#### WHAT THE TASK REQUIRES:
The copy should begin at the line containing "Ва ўборцы снегу" and end with the last line below, every line exact and no picture included.

──────── TASK INPUT ────────

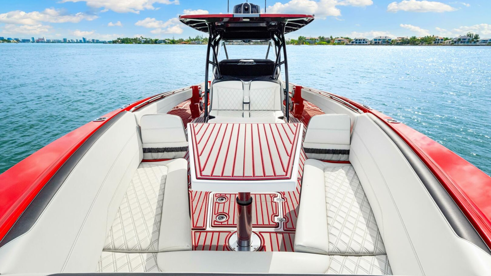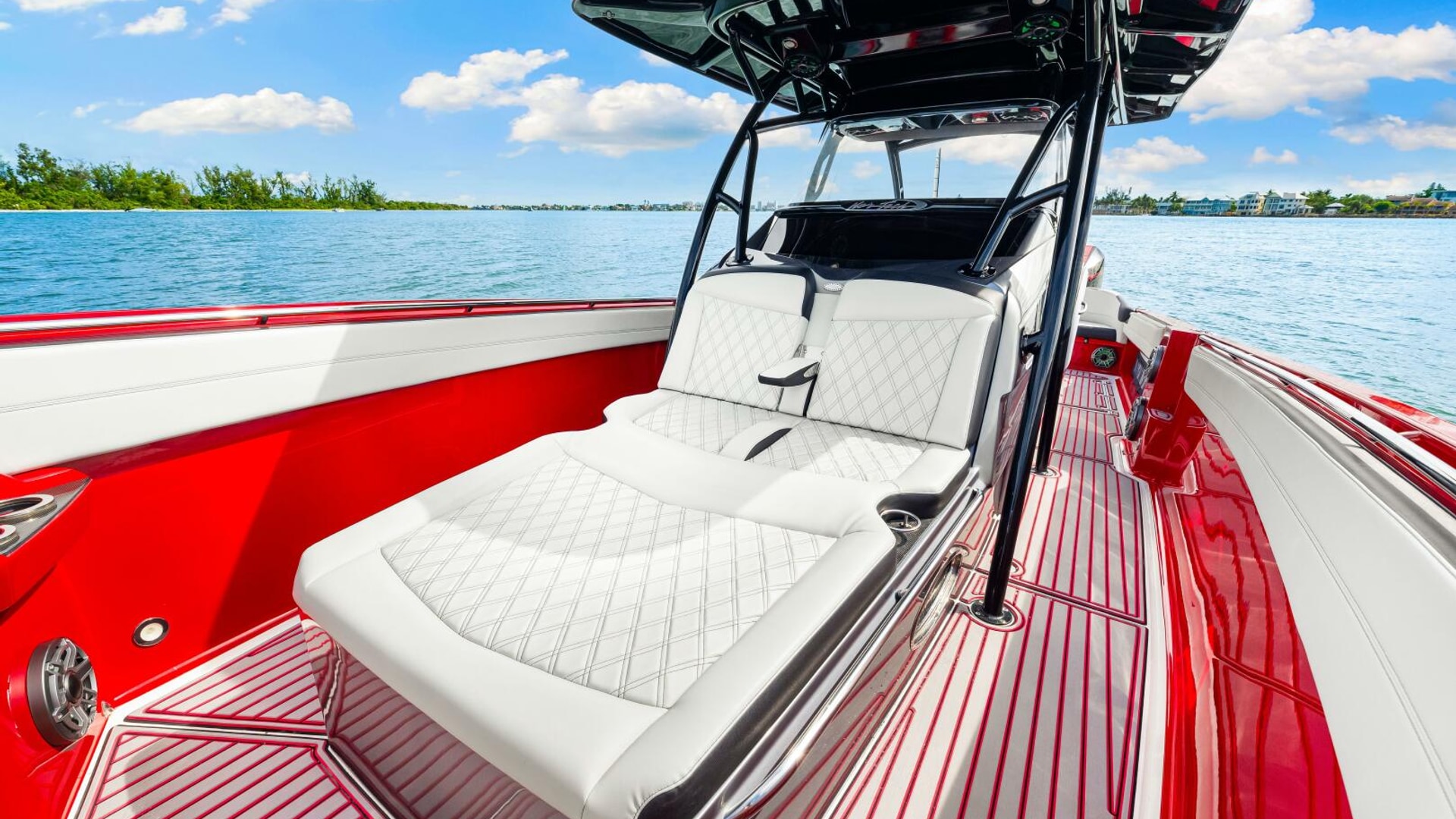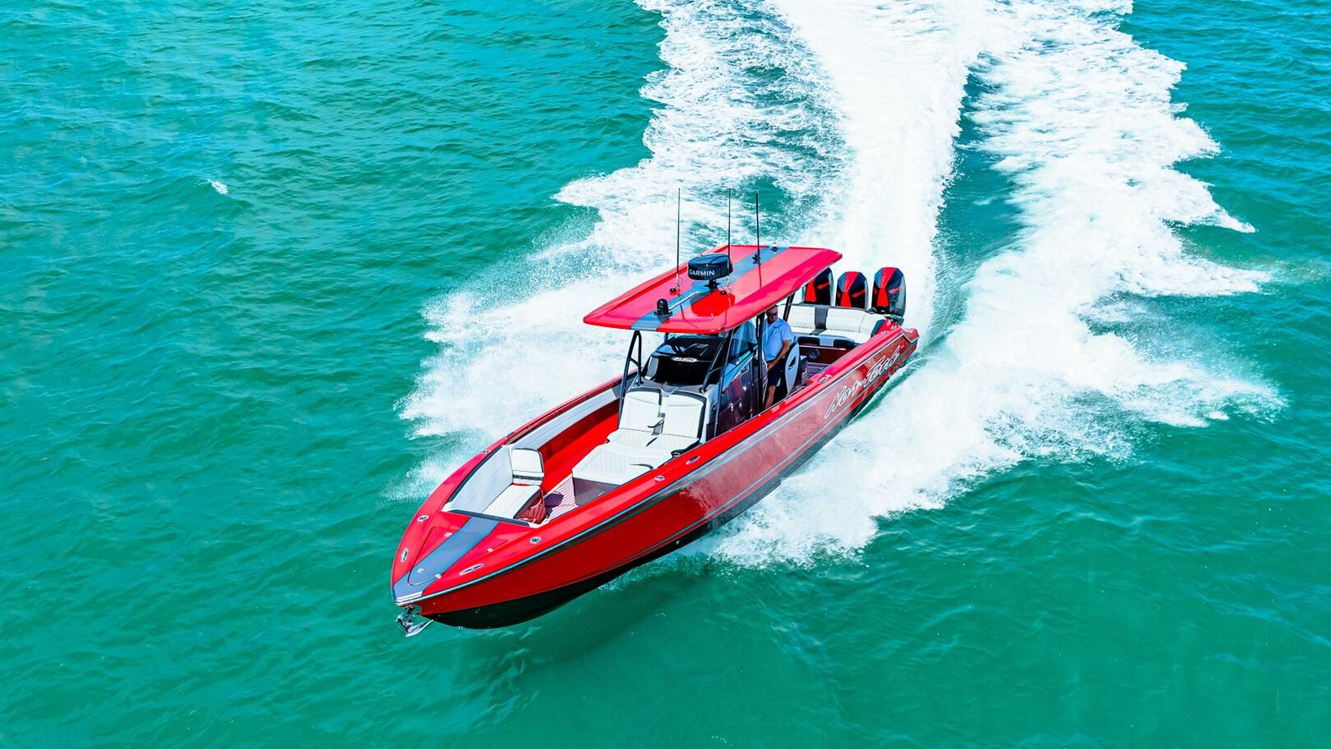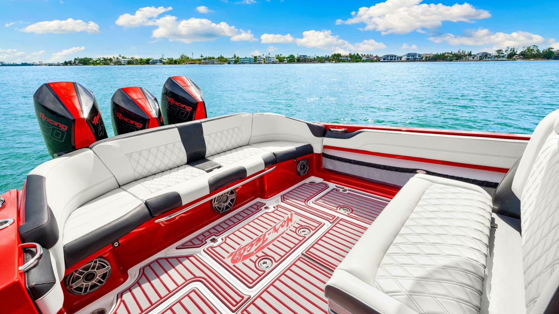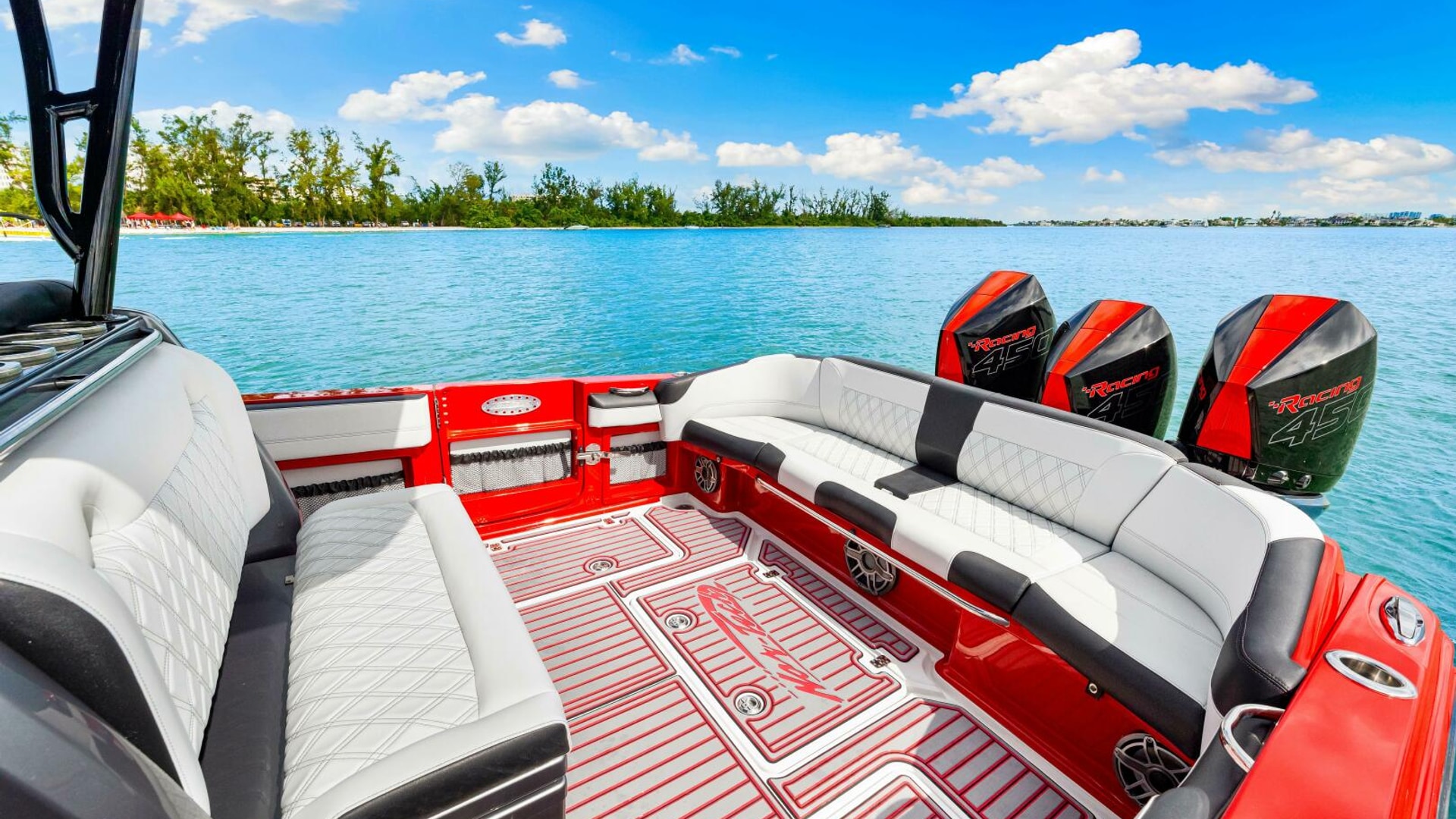 Turn heads and rule the waves with this stunning red 2022 39 Nor-Tech Sport Boat – a fusion of luxury, performance, and bold design. Powered by triple Mercury Racing outboards, this high-performance center console delivers exhilarating speed and precision handling, whether you're cruising the coast or chasing the horizon.
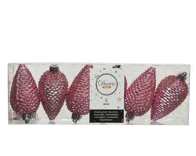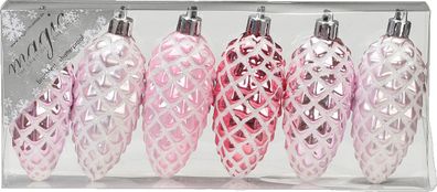 • Christbaumschmuck Kunststoff Zapfen 9cm 6er Set - Rosa Mix
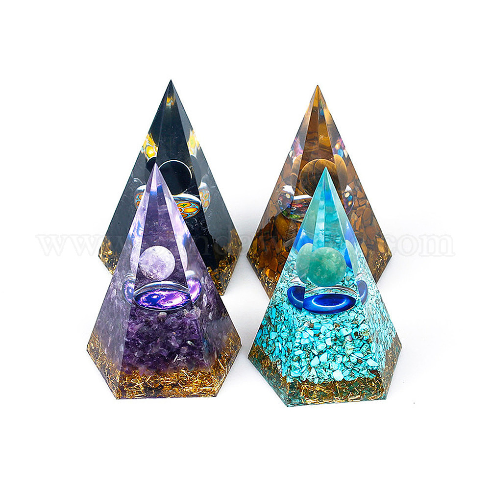 Украшение дисплея пирамиды из смолы, с кусочками драгоценных камней внутри статуй для украшения рабочего стола домашнего офиса
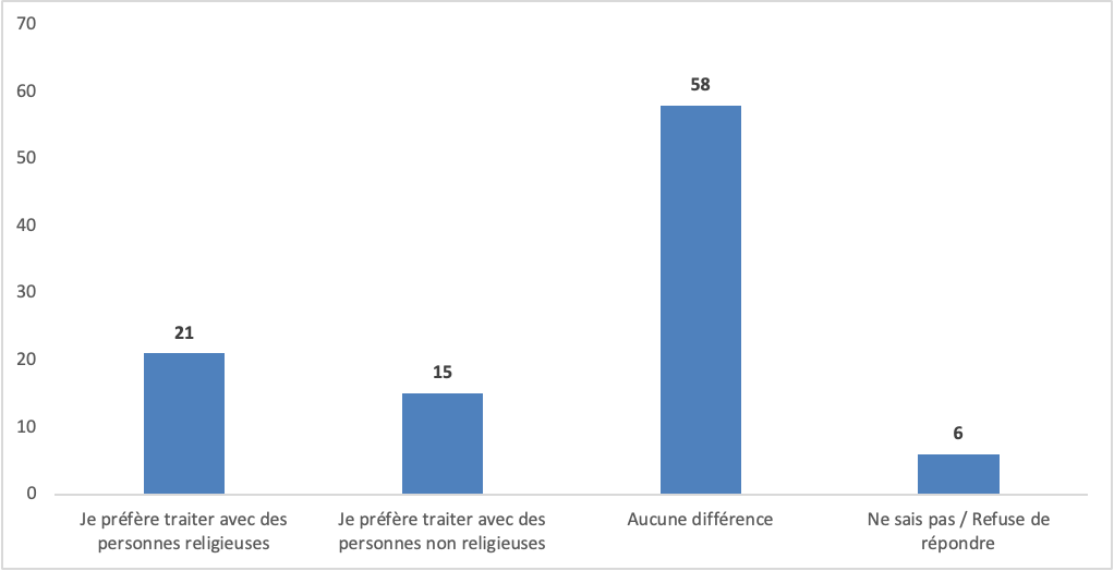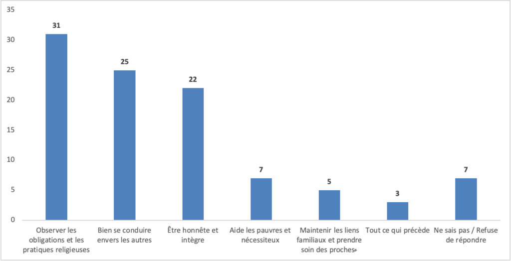 Le rapport à la religion suscite néanmoins des clivages. Ainsi, 15 % des personnes interrogées estiment qu’une personne non religieuse est forcément mauvaise, mais 75 % rejettent fermement cette affirmation. Sur le plan politique, une majorité de 57 % juge préférable de séparer la religion de la politique, contre 30 % qui défendent au contraire l’imbrication des deux sphères.
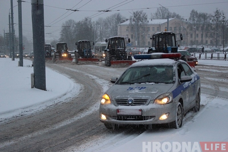 Ва ўборцы снегу ўся даступная тэхніка «Спецаўтагаспадаркі». Дарогі пасыпаюць апрацоўчай сумессю. Нягледзячы на гэта, у ДАІ адзначаюць, што з моцным снегападам у Гродне вырасла колькасць ДТЗ. Таксама ўтварыліся вялікія заторы. Кіроўцы едуць паволі, бо шмат дзе пра тармажэнні можа занесці.
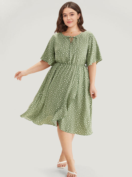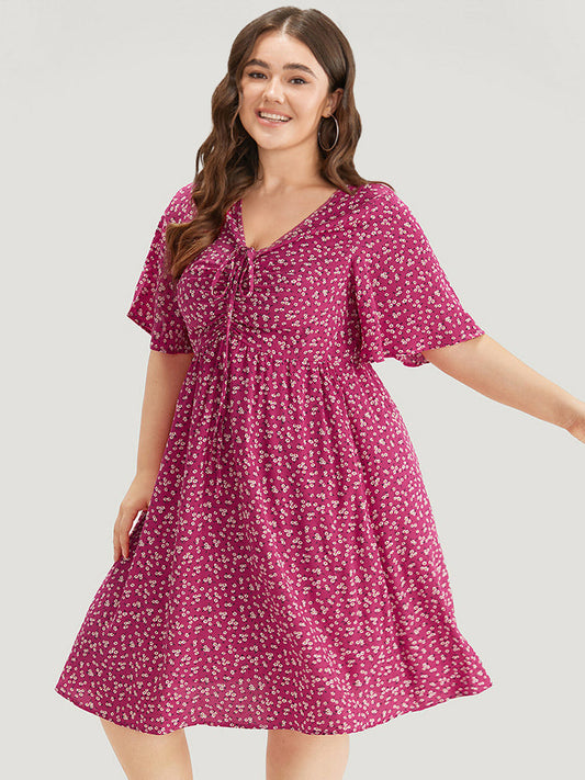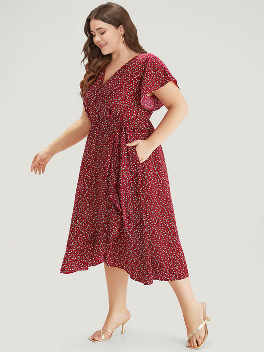 Ditsy Floral Overlap Collar Bowknot Flutter Hem Dress
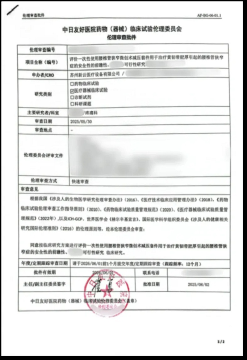 近日,由君創(chuàng)Family企業(yè)北京新云醫(yī)療科技有限公司自主研發(fā)的“一次性使用腰椎管狹窄微創(chuàng)術(shù)減壓套件(NewMild)”,臨床試驗(yàn)項(xiàng)目通過中日友好醫(yī)院藥物(器械)臨床試驗(yàn)倫理委員會(huì)審查,即將在該院疼痛科開展臨床研究。
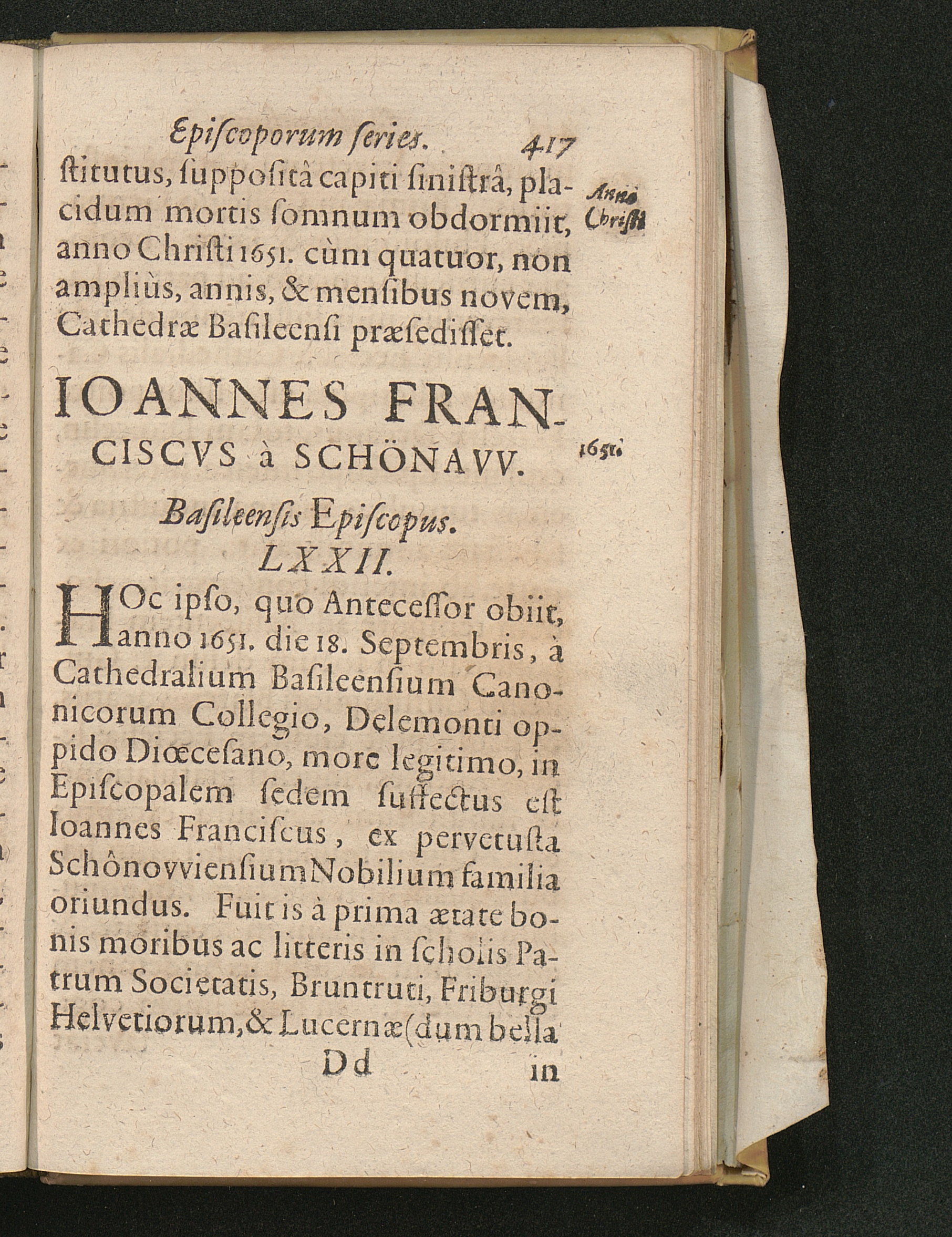 Basilea Sacra Sive Episcopatvs Et Episcoporvm Basileensivm Origo Ac Series : Reverendissimo, Et Illvstrissimo Principi Ioanni Conrado Ad Sacram Inavgvrationem, A Collegio Bruntrutano Societatis Iesv, singularis observantiae & honoris ergò Dicata, Consecrata / [Claudius Sudan]

────────

#### TASK ANSWER:
 Ва ўборцы снегу ўся даступная тэхніка «Спецаўтагаспадаркі». Дарогі пасыпаюць апрацоўчай сумессю. Нягледзячы на гэта, у ДАІ адзначаюць, што з моцным снегападам у Гродне вырасла колькасць ДТЗ. Таксама ўтварыліся вялікія заторы. Кіроўцы едуць паволі, бо шмат дзе пра тармажэнні можа занесці.
 Ditsy Floral Overlap Collar Bowknot Flutter Hem Dress
 近日,由君創(chuàng)Family企業(yè)北京新云醫(yī)療科技有限公司自主研發(fā)的“一次性使用腰椎管狹窄微創(chuàng)術(shù)減壓套件(NewMild)”,臨床試驗(yàn)項(xiàng)目通過中日友好醫(yī)院藥物(器械)臨床試驗(yàn)倫理委員會(huì)審查,即將在該院疼痛科開展臨床研究。
 Basilea Sacra Sive Episcopatvs Et Episcoporvm Basileensivm Origo Ac Series : Reverendissimo, Et Illvstrissimo Principi Ioanni Conrado Ad Sacram Inavgvrationem, A Collegio Bruntrutano Societatis Iesv, singularis observantiae & honoris ergò Dicata, Consecrata / [Claudius Sudan]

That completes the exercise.